--- SUPPLIED ENTRIES ---
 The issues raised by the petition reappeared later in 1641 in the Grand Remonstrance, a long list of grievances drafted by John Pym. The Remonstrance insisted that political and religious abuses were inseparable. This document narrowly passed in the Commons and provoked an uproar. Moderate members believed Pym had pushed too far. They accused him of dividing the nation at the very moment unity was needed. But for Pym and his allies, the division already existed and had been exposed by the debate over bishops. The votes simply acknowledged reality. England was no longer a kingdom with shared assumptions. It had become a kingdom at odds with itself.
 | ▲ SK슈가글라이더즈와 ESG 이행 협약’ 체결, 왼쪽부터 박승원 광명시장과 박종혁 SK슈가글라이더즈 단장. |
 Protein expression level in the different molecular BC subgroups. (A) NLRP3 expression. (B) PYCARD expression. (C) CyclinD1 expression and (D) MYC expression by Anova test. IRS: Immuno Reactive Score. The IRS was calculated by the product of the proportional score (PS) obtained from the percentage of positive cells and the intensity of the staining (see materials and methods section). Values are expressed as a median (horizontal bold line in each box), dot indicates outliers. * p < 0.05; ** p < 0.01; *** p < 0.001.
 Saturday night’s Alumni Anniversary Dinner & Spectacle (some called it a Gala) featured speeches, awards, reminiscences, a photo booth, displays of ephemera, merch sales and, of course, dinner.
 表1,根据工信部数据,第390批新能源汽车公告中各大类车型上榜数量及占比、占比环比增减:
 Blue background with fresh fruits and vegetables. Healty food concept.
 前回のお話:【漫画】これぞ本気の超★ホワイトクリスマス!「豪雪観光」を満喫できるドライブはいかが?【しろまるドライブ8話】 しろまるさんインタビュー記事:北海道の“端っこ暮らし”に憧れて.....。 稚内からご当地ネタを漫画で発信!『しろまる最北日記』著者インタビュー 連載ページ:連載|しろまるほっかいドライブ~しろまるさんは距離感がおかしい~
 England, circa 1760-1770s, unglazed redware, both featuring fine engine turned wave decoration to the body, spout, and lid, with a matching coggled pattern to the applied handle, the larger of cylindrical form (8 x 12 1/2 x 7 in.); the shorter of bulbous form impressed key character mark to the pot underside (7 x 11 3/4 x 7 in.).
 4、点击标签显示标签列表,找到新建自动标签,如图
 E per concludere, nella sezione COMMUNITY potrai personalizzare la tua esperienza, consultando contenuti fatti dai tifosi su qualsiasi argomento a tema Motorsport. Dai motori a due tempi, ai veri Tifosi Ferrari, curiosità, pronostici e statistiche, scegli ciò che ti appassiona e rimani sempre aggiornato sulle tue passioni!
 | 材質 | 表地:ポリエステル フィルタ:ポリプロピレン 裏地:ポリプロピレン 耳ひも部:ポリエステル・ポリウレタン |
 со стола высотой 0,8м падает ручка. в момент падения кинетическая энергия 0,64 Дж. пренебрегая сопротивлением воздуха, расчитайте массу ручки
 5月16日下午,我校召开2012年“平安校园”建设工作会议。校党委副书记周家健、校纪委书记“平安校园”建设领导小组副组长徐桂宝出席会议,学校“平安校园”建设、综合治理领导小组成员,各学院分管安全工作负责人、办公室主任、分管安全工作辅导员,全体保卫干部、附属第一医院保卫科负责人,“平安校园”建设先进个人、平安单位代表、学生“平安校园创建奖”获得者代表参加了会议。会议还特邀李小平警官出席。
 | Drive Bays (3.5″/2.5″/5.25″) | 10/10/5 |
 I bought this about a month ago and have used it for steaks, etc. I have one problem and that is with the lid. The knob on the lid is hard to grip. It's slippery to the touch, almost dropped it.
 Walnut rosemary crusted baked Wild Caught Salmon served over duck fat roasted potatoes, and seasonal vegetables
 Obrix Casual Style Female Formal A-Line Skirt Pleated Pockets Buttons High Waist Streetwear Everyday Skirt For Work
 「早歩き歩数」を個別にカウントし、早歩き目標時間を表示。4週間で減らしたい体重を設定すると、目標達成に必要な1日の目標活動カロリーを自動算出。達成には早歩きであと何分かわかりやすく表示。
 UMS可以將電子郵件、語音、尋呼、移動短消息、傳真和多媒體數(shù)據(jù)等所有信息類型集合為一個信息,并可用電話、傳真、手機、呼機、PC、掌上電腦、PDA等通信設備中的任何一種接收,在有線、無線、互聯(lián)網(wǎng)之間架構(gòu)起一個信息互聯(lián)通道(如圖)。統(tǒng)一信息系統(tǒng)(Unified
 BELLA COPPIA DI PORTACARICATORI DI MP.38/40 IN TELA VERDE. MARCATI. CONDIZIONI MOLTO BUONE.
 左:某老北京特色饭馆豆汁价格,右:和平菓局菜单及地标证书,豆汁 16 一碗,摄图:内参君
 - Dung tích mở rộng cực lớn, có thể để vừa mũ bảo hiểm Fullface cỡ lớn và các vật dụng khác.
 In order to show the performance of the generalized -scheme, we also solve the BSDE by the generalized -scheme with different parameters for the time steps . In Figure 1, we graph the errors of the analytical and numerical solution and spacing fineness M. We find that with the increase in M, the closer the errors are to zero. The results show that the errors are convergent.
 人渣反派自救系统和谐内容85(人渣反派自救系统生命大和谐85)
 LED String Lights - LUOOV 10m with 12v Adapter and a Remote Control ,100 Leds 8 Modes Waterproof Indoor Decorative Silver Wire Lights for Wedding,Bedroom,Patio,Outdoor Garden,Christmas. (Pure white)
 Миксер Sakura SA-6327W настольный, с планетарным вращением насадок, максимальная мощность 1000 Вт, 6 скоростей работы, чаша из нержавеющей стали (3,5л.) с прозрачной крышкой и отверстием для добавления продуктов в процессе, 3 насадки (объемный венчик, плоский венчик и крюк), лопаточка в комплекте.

--- WHAT IS EXPECTED ---
From the records above, print only the lines between the one holding "со стола высотой" and the one holding "(3.5″/2.5″/5.25″) | 10/10/5 |", inclusive, exactly as they stand.

--- RESULT OF THIS EXERCISE ---
 со стола высотой 0,8м падает ручка. в момент падения кинетическая энергия 0,64 Дж. пренебрегая сопротивлением воздуха, расчитайте массу ручки
 5月16日下午,我校召开2012年“平安校园”建设工作会议。校党委副书记周家健、校纪委书记“平安校园”建设领导小组副组长徐桂宝出席会议,学校“平安校园”建设、综合治理领导小组成员,各学院分管安全工作负责人、办公室主任、分管安全工作辅导员,全体保卫干部、附属第一医院保卫科负责人,“平安校园”建设先进个人、平安单位代表、学生“平安校园创建奖”获得者代表参加了会议。会议还特邀李小平警官出席。
 | Drive Bays (3.5″/2.5″/5.25″) | 10/10/5 |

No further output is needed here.